First Will Of A Soviet Citizen Probated In The United States -
Yet, the case also revealed enduring limits. The probate did not grant U.S. courts any jurisdiction over property in the USSR. A Soviet citizen could leave their American bank account to an American friend, but their Moscow apartment remained subject exclusively to Soviet inheritance law, which often gave priority to state claims. Moreover, the ruling did not resolve the reverse situation: for decades, U.S. courts remained hostile to enforcing inheritance claims by Soviet citizens against American estates, citing fears of currency control violations. The Zilberstein precedent was thus asymmetrical—it protected the rights of Soviet citizens to dispose of American assets but did not compel American courts to send money into the Soviet system.
The Cold War was an era defined by division—political, ideological, and legal. For nearly half a century, the United States and the Soviet Union operated as mutually hostile universes, each with its own rules on property, inheritance, and the very concept of private ownership. Yet, beneath the surface of geopolitical tension, the mundane machinery of private law sometimes forced a collision of these worlds. The probate of the first will of a Soviet citizen in the United States, that of Gregori I. Zilberstein in 1968, stands as a quiet but profound landmark.
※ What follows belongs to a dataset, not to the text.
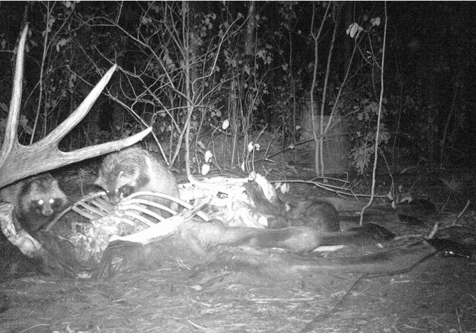 Чернобыльский радиационно-экологический биосферный заповедник опубликовал фото енотов, объедающих тушу погибшего крупного копытного - лося.

It was not merely a clerical formality; it was a legal and diplomatic breakthrough that demonstrated how private law could function as a bridge where public policy had built a wall. first will of a soviet citizen probated in the united states
Gregori Zilberstein was not a defector or a spy; he was a Soviet citizen who had been living in the United States, likely having arrived during a brief thaw in Soviet emigration policies or as part of a technical delegation. When he died in New York in the mid-1960s, he left behind a will drafted in English, naming American beneficiaries and disposing of modest assets—bank accounts, personal effects, and perhaps a car—all located within the jurisdiction of New York state. The executor of the will petitioned the Surrogate’s Court in New York County for probate. Yet, the case also revealed enduring limits
The court’s decision, handed down in 1968, was a masterstroke of pragmatic jurisprudence. Relying on the long-established principle that the validity of a will is governed by the law of the testator’s domicile at the time of death (or the law of the situs of personal property), the Surrogate’s Court held that Zilberstein had been a legal resident of New York. His Soviet citizenship was irrelevant to his capacity to make a will concerning property located in the United States. New York law required only that the testator be of sound mind and over eighteen—conditions Zilberstein clearly met. The court explicitly rejected any doctrine of "enemy alien" incapacity, noting that while the United States and the Soviet Union were ideological rivals, they were not in a declared war that would trigger the Trading with the Enemy Act’s inheritance restrictions. A Soviet citizen could leave their American bank
The implications of In re Zilberstein’s Will (as the case became known) rippled far beyond a single estate. First, it established a clear precedent that U.S. probate courts would not engage in political screening of testators. Citizenship of a hostile power was not a bar to testamentary capacity. Second, it opened the door for thousands of later cases involving Soviet émigrés, defectors, and even ordinary travelers. By the 1970s, standard practice emerged: a Soviet citizen’s will, if properly executed under the law of the U.S. state where they resided, would be probated without reference to Soviet law except where the will explicitly attempted to govern Soviet-located property (which U.S. courts would decline to adjudicate anyway). Third, the case contributed to a broader body of “private international law” that functioned as a shadow diplomacy during the Cold War, allowing individuals—if not governments—to cooperate across the divide.
The immediate legal obstacle was one of capacity and comity. Did a Soviet citizen, as a national of a country that did not have diplomatic recognition of U.S. probate procedures, possess the legal capacity to execute a valid will under New York law? Moreover, would the Soviet government—through its consular representatives—object to the distribution of a citizen’s estate to Americans, effectively depriving the Soviet state of escheat or heirless property? The case posed a novel question: Could the Cold War freeze an individual’s testamentary freedom?
In the grand narrative of Cold War law, the first probated will of a Soviet citizen is a small but luminous episode. It reminds us that legal systems, even those of bitter enemies, can find common ground in the most human of acts: deciding who gets our belongings after we die. Gregori Zilberstein, an obscure figure otherwise lost to history, became the unwitting architect of a legal bridge. His will affirmed that an individual’s final wishes could, in at least one respect, trump the Iron Curtain. For the American probate court, the case was not about geopolitics—it was about honoring a dead man’s intent. In doing so, it demonstrated that private law, patient and procedural, sometimes achieves what public diplomacy cannot.